Night of Your Ascension, sorti en 2015 et cinquième album de Wrekmeister Harmonies fut le disque qui semblait être une percée pour le groupe – leur puissante combinaison de musique de chambre, de post-rock, de drone et de doom metal qu’ils brandissaient, qui utilisait les mêmes composants du post-métal mais assemblés en quelque chose de plus orchestral et presque néoclassique, a été épargnée par ces retombées. Leur successeur Light Falls s’est appuyé sur tous les succès de ce précédent disque, mais a poussé chaque élément un peu plus loin et fut considéré comme leur œuvre déterminante.
Sans doute est-ce cela qui a rendu leur opus suivant, The Alone Rush, quelque peu décevant. Il était logique qu’ils veuillent revenir en arrière.
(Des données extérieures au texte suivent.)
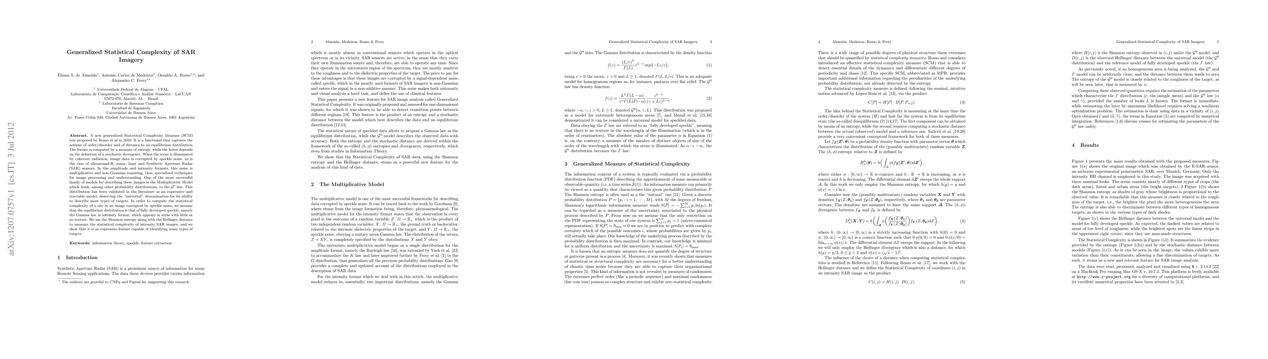 This paper proposes a new Generalized Statistical Complexity Measure (SCM) to analyze Synthetic Aperture Radar (SAR) imagery, which is often corrupted by multiplicative speckle noise. The SCM combines Shannon entropy and Hellinger distance to quantify the order/disorder and distance to the equilibrium distribution of SAR images, demonstrating its effectiveness in identifying various targets.
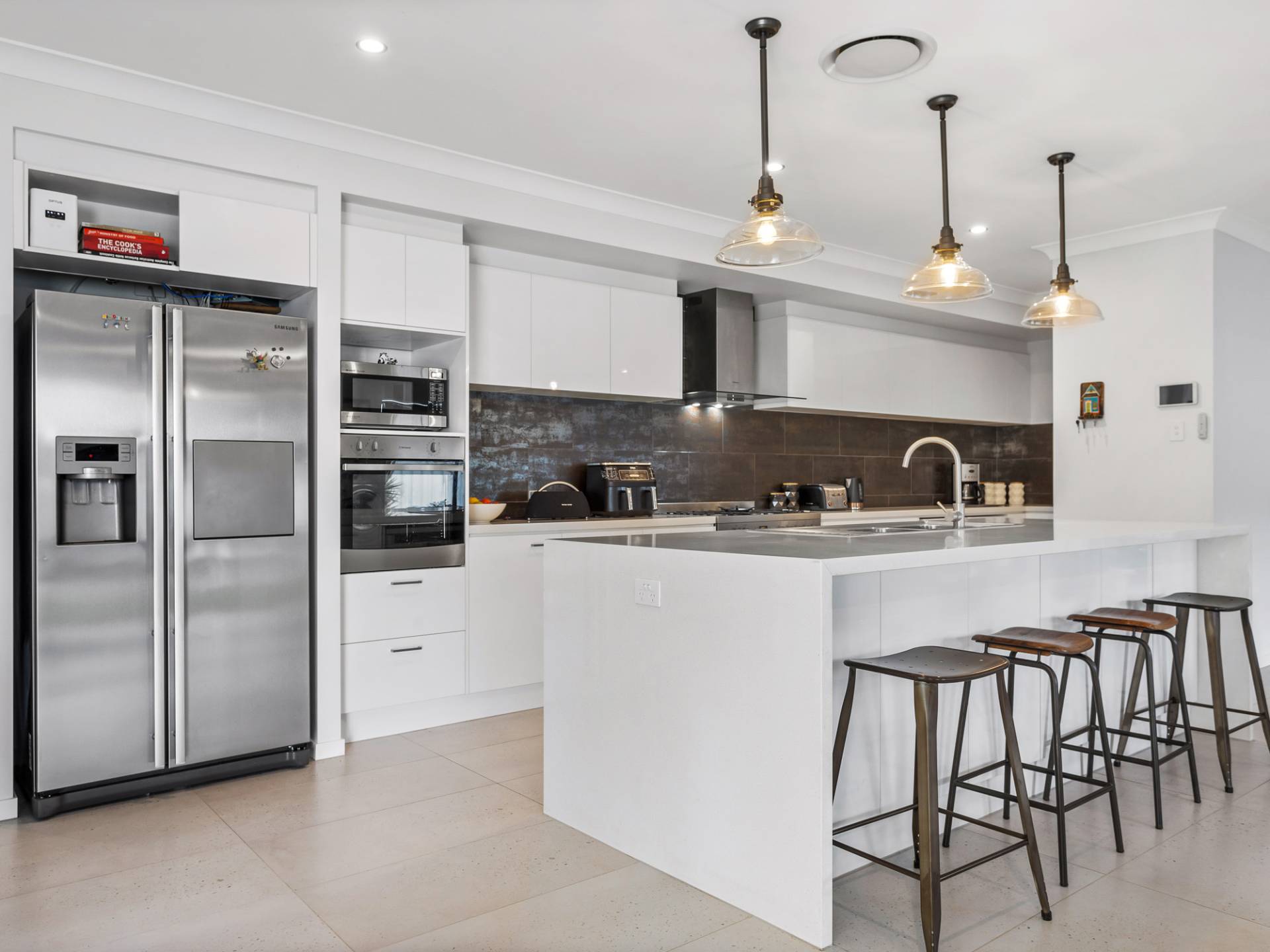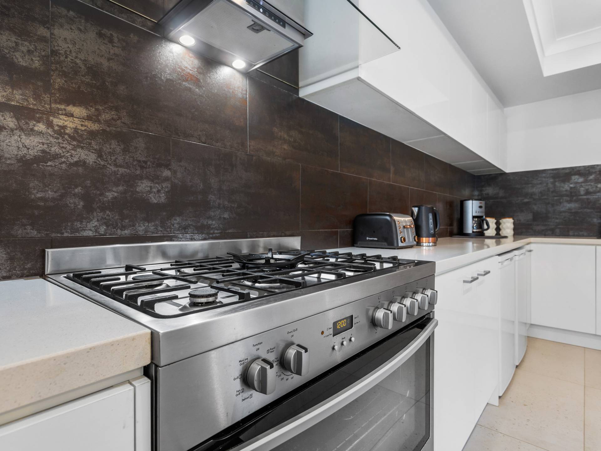 • Stone bench tops, quality appliances, double sized fridge cavity plumbed with water, 900mm freestanding 5 burner gas cooker

Il peut être tentant de rendre chaque projet plus grand et plus ambitieux que le précédent, mais cela finit par vous mener dans une spirale sans fin qui peut pousser un artiste à l’auto-parodie, à moins qu’il ne soit étonnamment chanceux. C’est pourquoi l’exécution du son plus épuré de Wrekmeister pouvait qonner quelque peu, comme si leur cœur était encore dans les déclarations grandioses et grouillantes des disques précédents et qu’ils n’avaient pas tout à fait effectué la transition vers le nouvel espace sonore.
We Love To Look At The Carnage est un album qui se rapproche beaucoup de The Alone Rush mais, heureusement, il est un peu plus complet tout en rstant encore un peu mince ; ses crescendos profonds ne s’élèvent pas aussi haut que le puissant fracas de Night of Your Ascension ou de Light Falls, s’approchant de quelque chose qui ressemble plus à un bourdonnement chaud qu’à un crash féroce. Mais, désormais ils existent à nouveau,chose qui leur a été brièvement refusé. Les procédures épurées ici, notamment le multi-instrumentiste Thor Harris, lors de cette période pour son travail similaire de chamber-rock avec Swans, se sentent plus proches d’une voie médiane acceptable, entre la pente métallique de ces deux albums de pointe et leur approche actuelle plus douce. Les deux morceaux les plus longs de l’album se construisent avec une intensité plus que recevable, donnant l’impression d’une méditation qui prend soudainement un tournant sérieux, même si elle ne produit pas nécessairement le tonnerre heavy metal des œuvres précédentes. Elle a d’ailleurs son rôle car, induite par les drones, elle aide non seulement à excuser mais aussi à justifier les éléments folk des morceaux plus courts.
Cela conduit à l’évolution peut-être la plus satisfaisante du groupe : une prise en compte de la chanson en soi. Leurs précédents disques n’étaient pas totalement dépourvus de caractère chantant, ces énoncés brefs et clairs de la mélodie et des paroles chantées que nous considérons comme des chansons plutôt que comme de simples mouvements dans une œuvre plus longue, mais ils semblaient définitivement plus discrets et plaqés sur ces disques. Leur utilisation des mélodies pendant si longtemps étaient profondément contextuelle, quelque chose qui visait à ternir une œuvre plus vaste plutôt qu’à attirer l’attention sur elle-même, quelque chose que The Alone Rush avait cherché à changer avec son approche plus disjointe et individualisée des mouvements plutôt que les continuités fluides des albums précédents. We Love To Look At The Carnage représente une fois de plus un raffinement de cette idée précédente en faisant en sorte que les passages d’ouverture, du milieu et de fin donnent l’impression qu’ils pourraient se suffire à eux-mêmes et être, enfin, des chansons pleinement satisfaisantes, bien que quelque chose de plus proche de Amen Dunes ou de Moon Duo que peut-être Neurosis ou Godflesh.
Mais même avec le raffinement des crescendos et des passages plus discrets, We Love To Look At The Carnage donne l’impression de se situer un peu plus bas que ces œuvres phares du groupe. Ce n’est pas nécessairement une mauvaise chose ; il y a beaucoup de place dans le monde pour des disques qui sont simplement bons au lieu d’être excellents. Mais il est difficile de ne pas être au moins un peu frustré, surtout si l’on considère que le groupe a montré qu’il avait la capacité de produire de la bonne musique. Il est difficile de dire, il est vrai, si c’est purement une question de perspective, avec un désir d’un retour à des textures plus métalliques et quelques voix plus dures ici et là. Mais il est difficile de nier qu’il y a une placidité accrue dans la musique qui n’était pas là avant, un avancement des éléments méditatifs peut-être un peu trop loin. We Love To Look At The Carnage est un disque qui est bon et qui vaut la peine qu’on s’y attarde, mais qui ne contient pas assez de ces moments ou de ces timbres que l’on peut appeler sans hésitation, sans réserve, de mémorable ou classique.